Britain’s largest university union divided over transgender issues


Britain’s biggest university union is set to confront its position on transgender rights, as its members remain locked in disputes over pay and pensions.

Critics of a motion calling on the Colleges and Universities Union (UCU) to take a stand against ‘gender-critical’ feminists – those who believe it is not possible for people to change their biological sex – said it was divisive and distracted the union from its core work of protecting workers’ rights.

But supporters said academics should do more to create a fully inclusive and safe culture for people of all genders and accused their opponents of starting a “culture war”.

If passed at the UCU convention in June, the motion would mandate the union ‘to oppose ‘gender critics’ and transphobes ‘to promote gender ideology’ and try to undermine rights trans and non-binary people”.

Holly Smith, who is nearing the end of her two-year term on the UCU’s national executive committee, said it could expose the union to legal action from those who felt discriminated against, referring to the case of Maya Forstater, who won a high court ruling in June 2021 that gender beliefs must be protected after her contract at the Center for Global Development, a think tank, was not renewed.

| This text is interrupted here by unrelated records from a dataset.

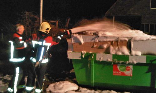 te blussen. De vuurhaard zat onderin de volgestopte container waardoor het blussen bemoeilijkt werd. Uiteindelijk besloot de brandweer met een laag schuim de container af te dekken waardoor het vuur gestikt werd. Na een half uur vertrokken de spuitgasten weer richting kazerne. De politie die ook ter plaatse is geweest is natuurlijk nieuwsgierig naar de dader van deze derde brand binnen vijf dagen in Peize. Mocht u informatie hebben meldt het dan op 0900-8844. |
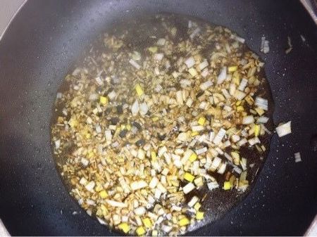 ①のねぎ、にんにく、しょうがと★をフライパンに入れ、沸騰させます。
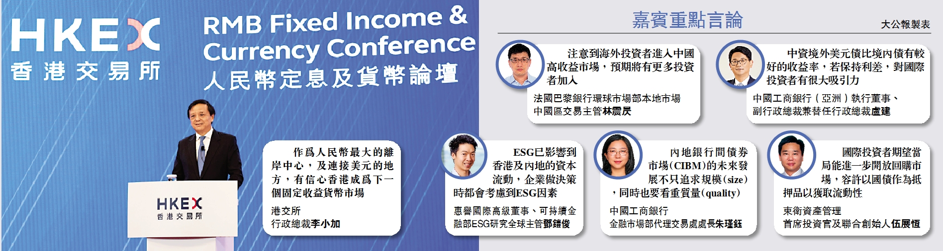 香港作為人民幣離岸中心,在人民幣國際化上亦有重要地位。李小加指出,雖然香港非最大的美元中心,亦沒有自由匯價及匯率,定息業務都由美國、倫敦等市場佔主導。但是香港是作為人民幣離岸中心同時連接美元的地方,有信心香港成為下一個固定收益貨幣市場。李小加形容內地已有很龐大、已建成的境內定息和貨幣市場,當內地認為國際化市場需要不同的制度和生態,香港有望突圍而出。
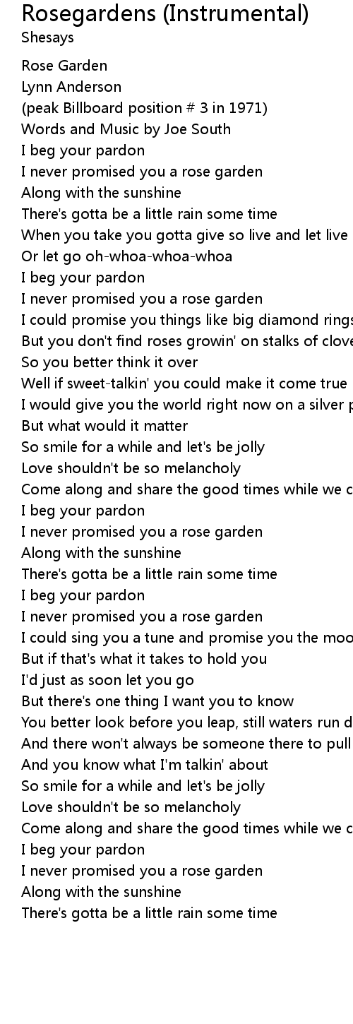I never promised you a rose garden |
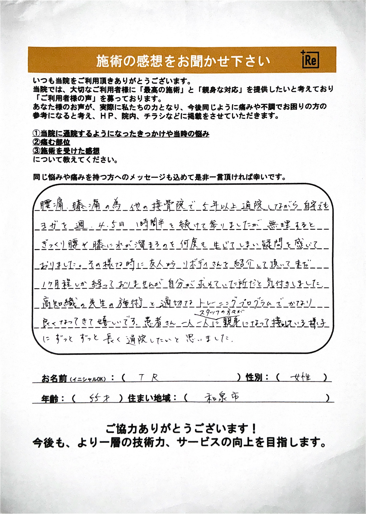 高知識の先生の施術と適切なトレーニングプログラムでかなり良くなってきて嬉しいです。
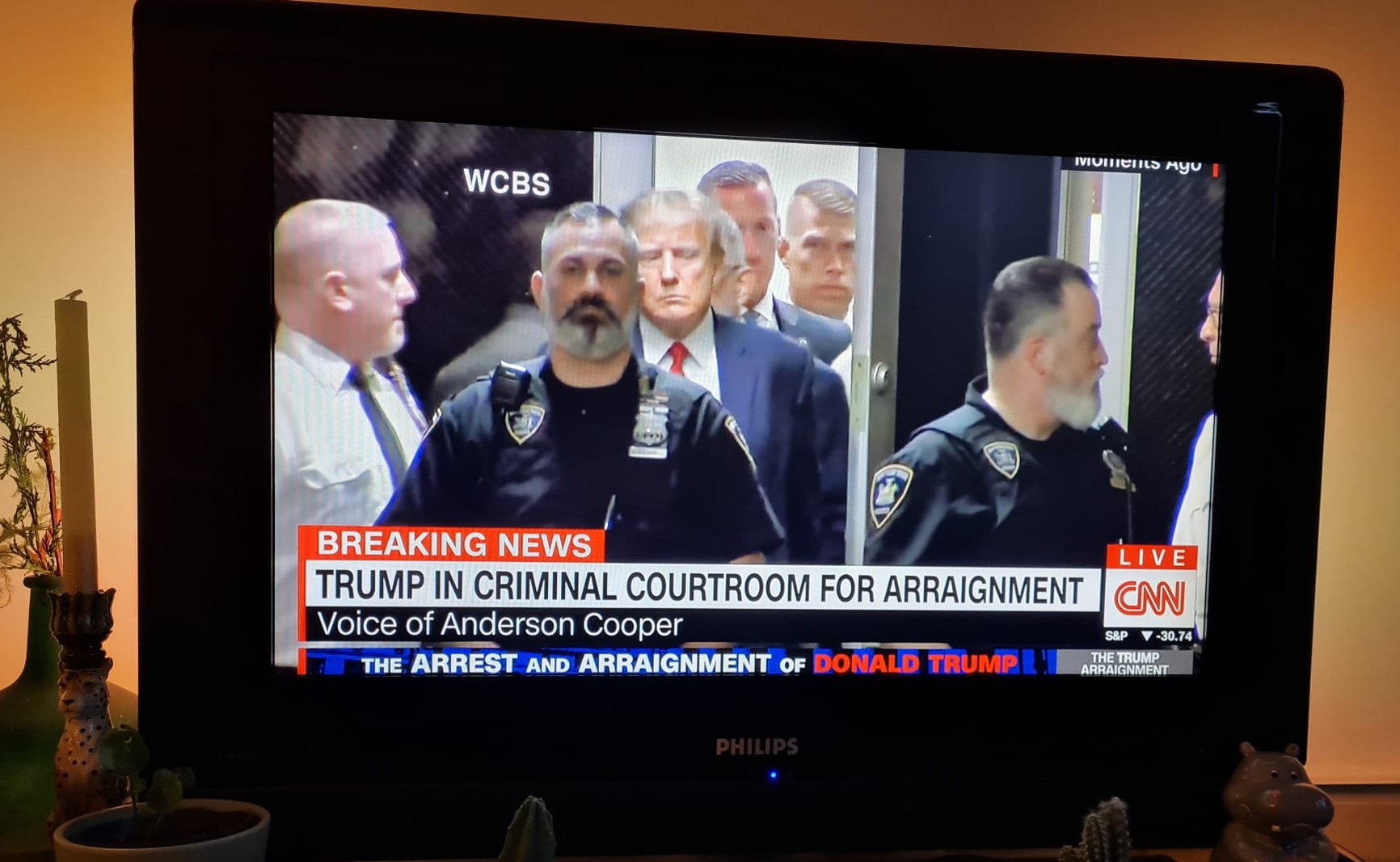 In de rechtbank in New York is dinsdagavond voormalig president Donald Trump formeel aangehouden. De rechtszaak wordt door Amerikanen in Groningen op de voet gevolgd.

“It’s unclear what opposing feminists who take a materialist approach would look like in practice, but it certainly raises the possibility that UCU is advocating for us to be subjected to unlawful discrimination,” said Smith, senior lecturer in higher education at University College London. .

Although the motion has yet to pass, a spokesperson for the union said the UCU is a “proud and unequivocal supporter of the rights of trans and non-binary people” and “unreservedly rejects attacks on this community through the media and government.” The spokesperson added that the union “would not sit idly by while a culture war is fueled to challenge their [transgender people’s] existence.”

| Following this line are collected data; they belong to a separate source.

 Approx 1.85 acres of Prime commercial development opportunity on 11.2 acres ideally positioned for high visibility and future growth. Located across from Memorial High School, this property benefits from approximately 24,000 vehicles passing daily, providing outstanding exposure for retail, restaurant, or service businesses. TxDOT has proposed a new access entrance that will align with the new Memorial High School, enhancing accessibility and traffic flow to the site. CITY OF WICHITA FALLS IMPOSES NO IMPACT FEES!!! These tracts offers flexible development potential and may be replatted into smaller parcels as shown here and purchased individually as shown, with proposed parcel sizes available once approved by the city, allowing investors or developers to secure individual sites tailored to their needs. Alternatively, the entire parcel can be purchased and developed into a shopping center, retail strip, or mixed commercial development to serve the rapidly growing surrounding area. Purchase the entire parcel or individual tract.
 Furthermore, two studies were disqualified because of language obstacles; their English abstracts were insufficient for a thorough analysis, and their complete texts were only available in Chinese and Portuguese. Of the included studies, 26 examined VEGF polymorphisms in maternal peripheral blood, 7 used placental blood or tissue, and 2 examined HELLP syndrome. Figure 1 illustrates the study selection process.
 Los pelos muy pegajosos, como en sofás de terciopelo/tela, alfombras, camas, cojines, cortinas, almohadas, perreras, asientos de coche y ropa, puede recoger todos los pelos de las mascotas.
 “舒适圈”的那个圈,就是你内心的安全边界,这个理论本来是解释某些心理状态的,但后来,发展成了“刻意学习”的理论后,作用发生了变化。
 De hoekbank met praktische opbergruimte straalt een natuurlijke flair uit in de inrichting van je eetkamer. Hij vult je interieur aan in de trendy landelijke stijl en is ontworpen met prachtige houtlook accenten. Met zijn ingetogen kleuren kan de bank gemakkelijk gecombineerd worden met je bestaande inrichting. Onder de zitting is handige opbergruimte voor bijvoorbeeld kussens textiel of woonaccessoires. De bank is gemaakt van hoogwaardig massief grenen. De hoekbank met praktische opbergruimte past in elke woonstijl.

The motion also decides that Congress should commend the University of Sussex UCU branch for its ‘solidarity’ with student protests against philosopher Kathleen Stock, after she was accused of transphobia over her views. on gender. Stock claimed the statement “end[ed] his career” at Sussex and subsequently resigned.

Smith said a lesbian feminist scholar losing her job should not be celebrated and that the failure of the local UCU branch to support her right to participate in public policy debates on women’s rights “sets a precedent destructive”.

“Academic freedom is a core value of higher education, and freedom of expression within the law is an essential prerequisite for democratic debate,” Smith said, adding that she believed unions were more effective when organized on the broadest basis of the common interest of the members. .

The creation of the Feminist Gender Equality Network, which opposes transphobia on campuses and more broadly, is also welcomed by the motion.

The co-founders of this network, Sally Hines, holder of the chair of sociology at the University of Sheffield, and Natacha Kennedy, lecturer in education at Goldsmiths, University of London, said they were “reassured” to see “the ‘commitment to advancing the inclusion of trans and non-binary staff and students’, as the ‘pushback’ of gender-sensitive academics ‘makes trans and non-binary students vulnerable’.

“UCU’s motion rightly highlights the importance of creating higher education cultures that are fully inclusive and safe working and learning spaces for people of all genders,” they added.

But Jo Phoenix, who is suing the Open University, her former employer, in labor court for claiming it failed to protect her from on-campus harassment because of her views on sex and gender, said predicted that more academics like her would leave the union, as they felt it no longer served them, speculating that it was likely that some might consider starting another union.

Phoenix, now professor of criminology at the University of Reading, said academic freedom was the “cornerstone” of what it was to be an academic and argued it was a “sad and sorry situation that some within the UCU seemed prepared – as she saw – to sacrifice this, particularly at a time when “academics are generally under such attack and their conditions are deteriorating”.

“A union is supposed to protect the working conditions of all its members, and this especially includes not being harassed on the basis of their political beliefs,” she added.

The UCU spokesman said ‘ministers and others should tackle the real issues in the sector’ rather than ‘pretending that defending the rights of the most marginalized is a threat’.

“We are clear that advocacy for trans and non-binary people is essential to improving conditions for all post-16 education staff and students, and we look forward to the 2022 UCU Congress reaffirms this position,” he added.